TASK: Give the data below again exactly as written, but without the pictures.

DATASET EXCERPT:
—————
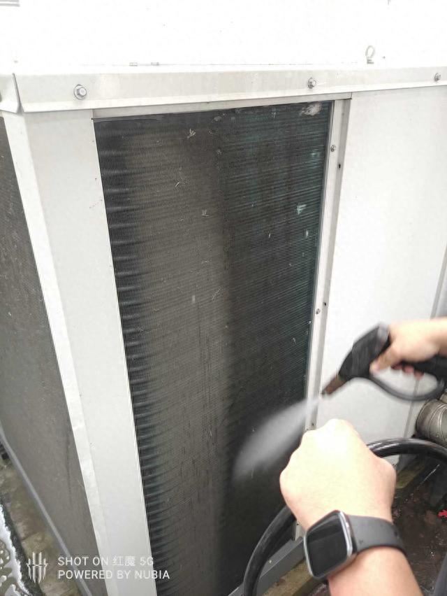 中央空调主机把7度的冷冻水送进风盘,在风机盘管内交换为15到16度的冷风,然后使房间的温度降低。但是空气中的灰尘颗粒很多,然后在长期的送风回风的作用下呢,风机盘管的翅片上就积满了灰尘污垢,这样会造成翅片的换热效率下降,导致出现房间内虽然开了空调但是不良的现象。所以呢,中央空调的风机盘管使用一段时间后呢,就必须进行定期的清洗。
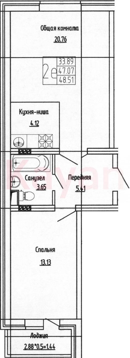 Продажа 2-комн. квартиры, 47.07 кв.м
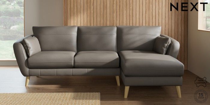 7.0.3 Buy Orlo Leather Medium Sofa Chaise - Right Hand Turin Leather French Grey Retro Tapered - Light from the Laura Ashley online shop Click here to use our website with more accessibility support, for example screen readers
—————
TASK ANSWER:
 中央空调主机把7度的冷冻水送进风盘,在风机盘管内交换为15到16度的冷风,然后使房间的温度降低。但是空气中的灰尘颗粒很多,然后在长期的送风回风的作用下呢,风机盘管的翅片上就积满了灰尘污垢,这样会造成翅片的换热效率下降,导致出现房间内虽然开了空调但是不良的现象。所以呢,中央空调的风机盘管使用一段时间后呢,就必须进行定期的清洗。
 Продажа 2-комн. квартиры, 47.07 кв.м
 7.0.3 Buy Orlo Leather Medium Sofa Chaise - Right Hand Turin Leather French Grey Retro Tapered - Light from the Laura Ashley online shop Click here to use our website with more accessibility support, for example screen readers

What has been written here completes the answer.